-- PROVIDED MATERIAL --

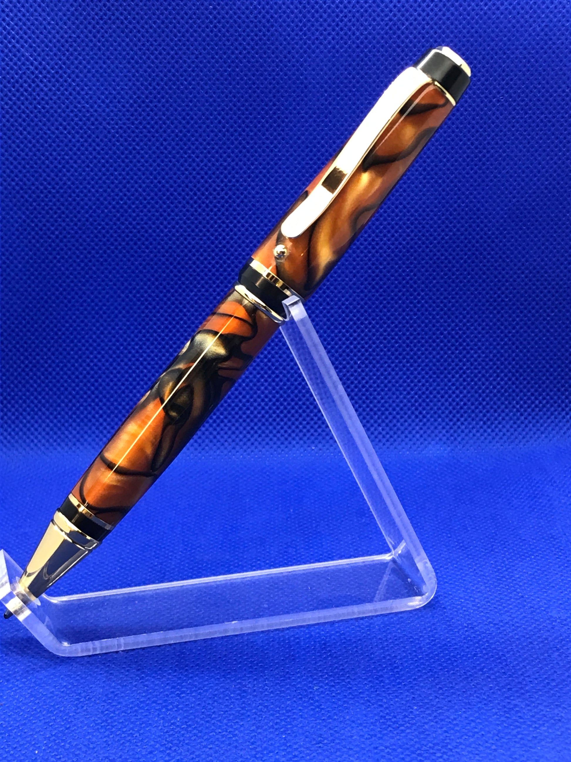 This Cigar ballpoint pen features gold fittings and a rich "Volcanic Flame" acrylic acetate body. The orange swirls are a great accent to the silver and black body. This pen uses standard Parker style refills.
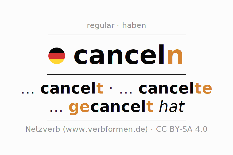- Futuro II: ... ich gecancelt haben werde, ... du gecancelt haben wirst, ... er gecancelt haben wird, ... wir gecancelt haben werden, ... ihr gecancelt haben werdet, ... sie gecancelt haben werden
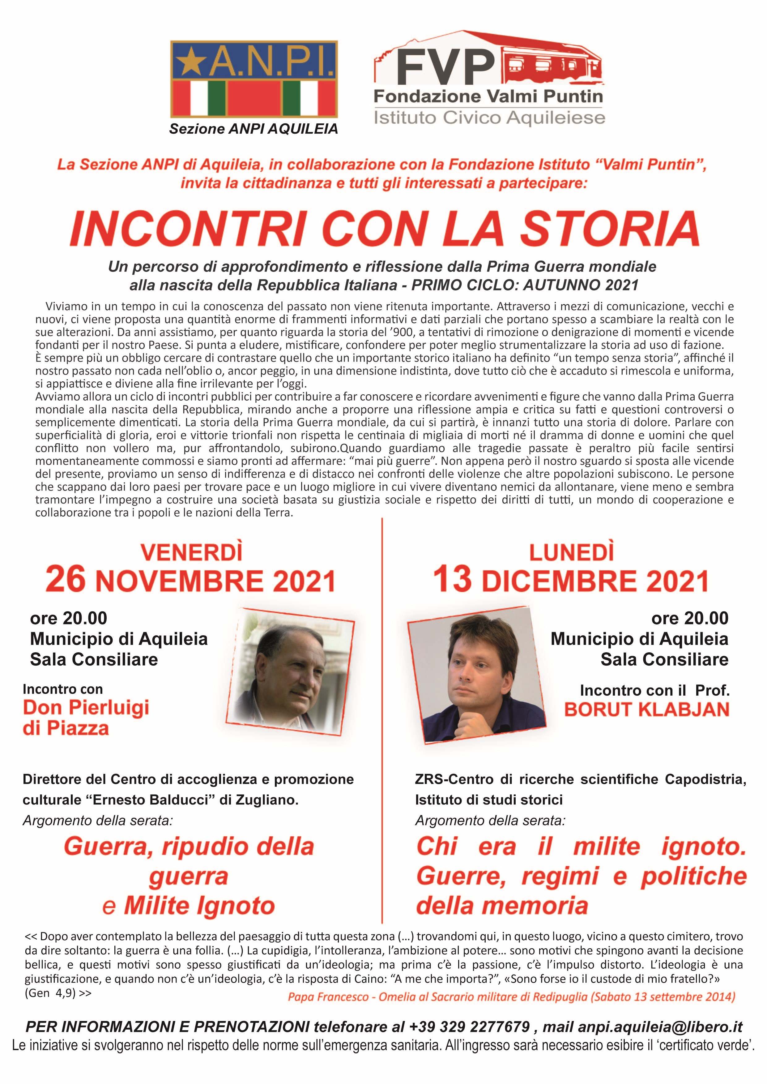 Guerra, ripudio della guerra e Milite Ignoto – don Pierluigi Di Piazza. Incontri con la storia: Aquileia venerdì 26.11.2021 ore 20 Municipio
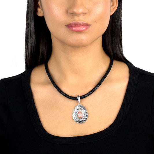 EXCLUSIVELY OURS! Sterling Silver Orange Spiny Oyster Teardrop Bordered Design Pendant Enhancer
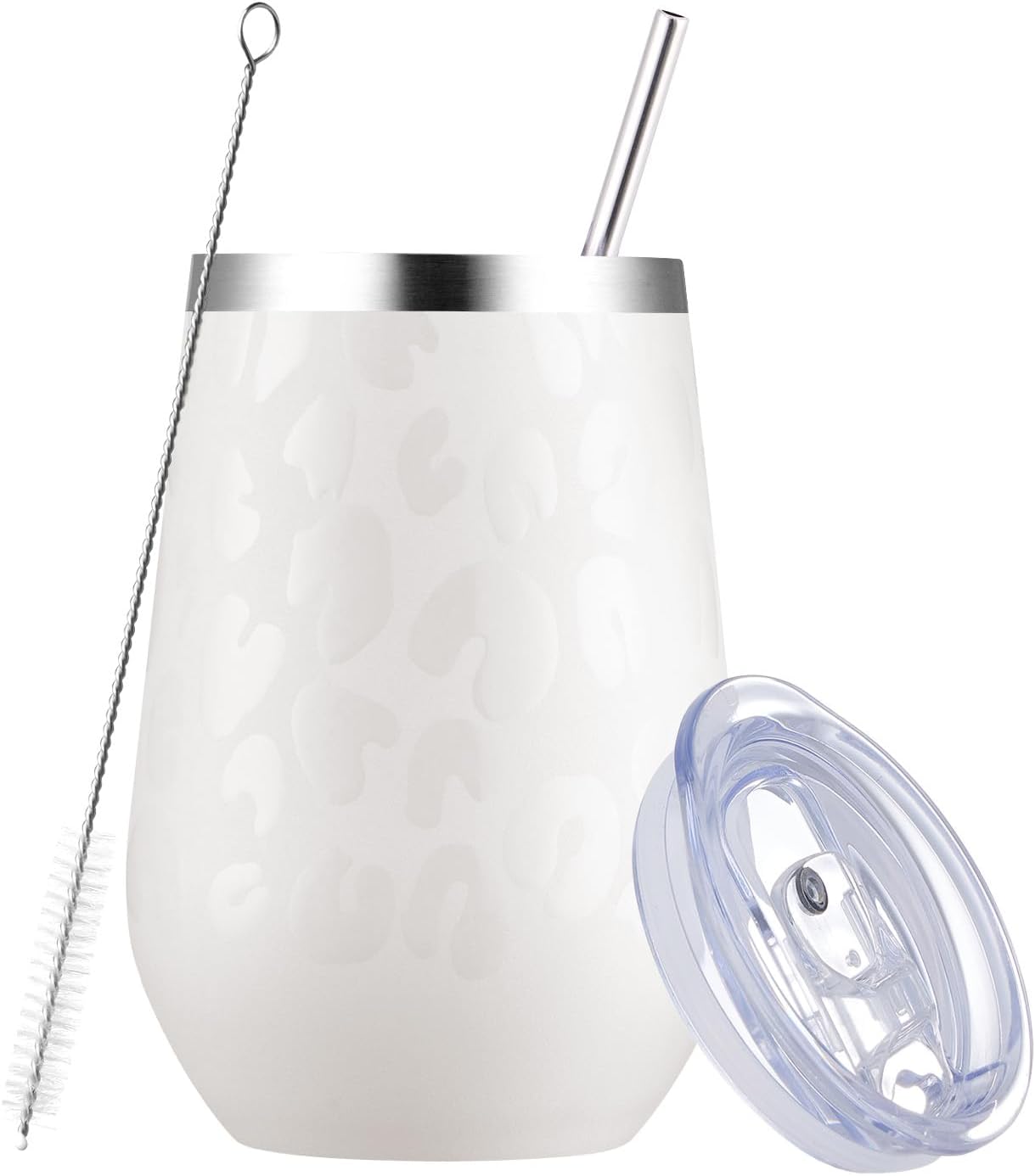 - [Package included:]1*12oz wine tumbler,1*splash proof cover with hole, 1*unbreakable steel straw, 1*straw brush,and 1*beautiful box.YOUR 100% SATISFACTION IS OUR TOP NOTCH! we walk the extra mile to ensure our customers' complete satisfaction. If you are not positively thrilled with our tumblers, just let us know and we will try to give you an satisfied reply
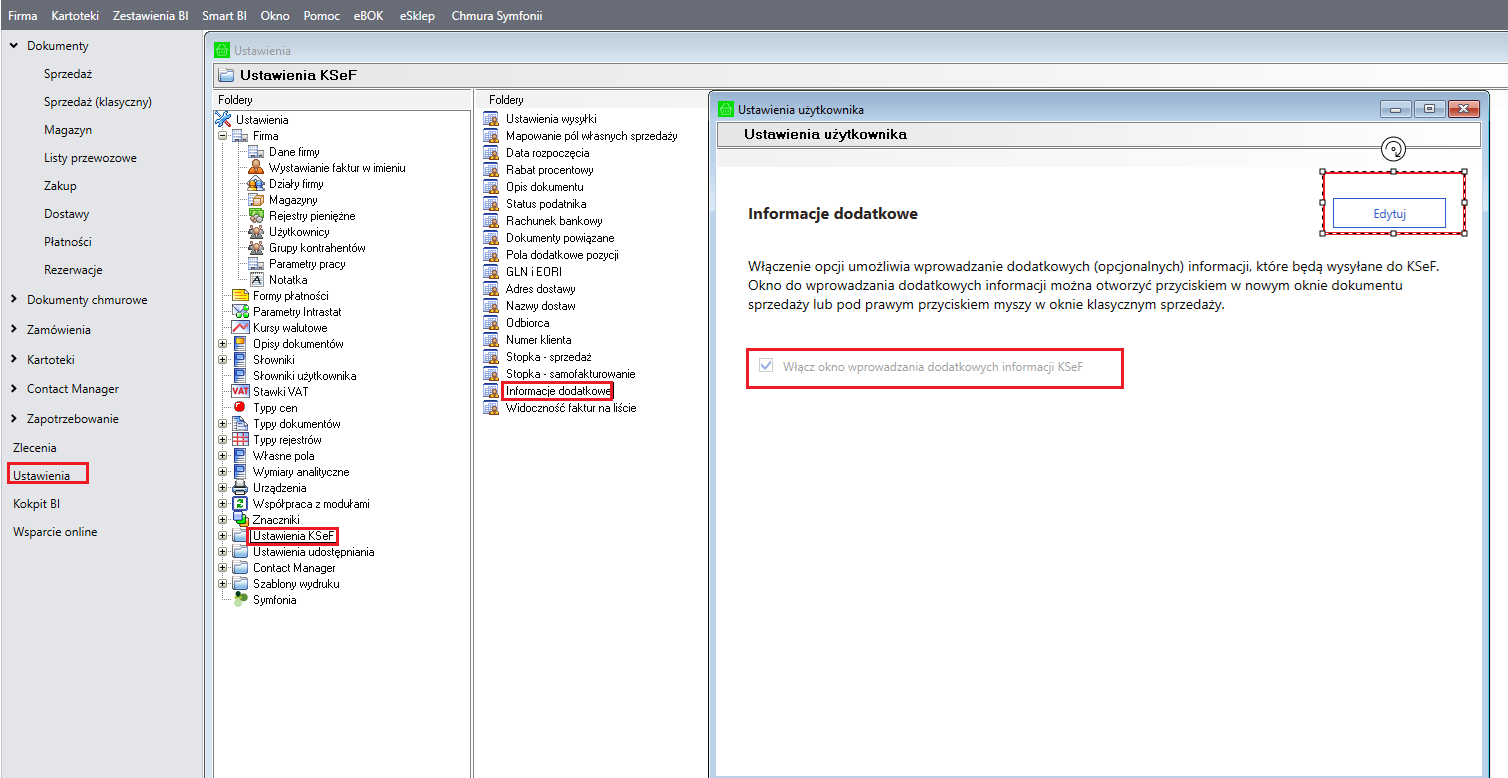 Jeśli panujesz na fakturze dodawać informacje dodatkowe włącz tę funkcjonalność w kartotece Ustawienia → Ustawienia KSeF→ Informacje dodatkowe

-- WHAT TO DO --
Reproduce exactly the lines of the data above that run from the line with "EXCLUSIVELY OURS! Sterling" down to the line with "- [Package included:]1*12oz", both ends included. Pictures do not belong in the copy.

-- PROBLEM SOLUTION --
 EXCLUSIVELY OURS! Sterling Silver Orange Spiny Oyster Teardrop Bordered Design Pendant Enhancer
 - [Package included:]1*12oz wine tumbler,1*splash proof cover with hole, 1*unbreakable steel straw, 1*straw brush,and 1*beautiful box.YOUR 100% SATISFACTION IS OUR TOP NOTCH! we walk the extra mile to ensure our customers' complete satisfaction. If you are not positively thrilled with our tumblers, just let us know and we will try to give you an satisfied reply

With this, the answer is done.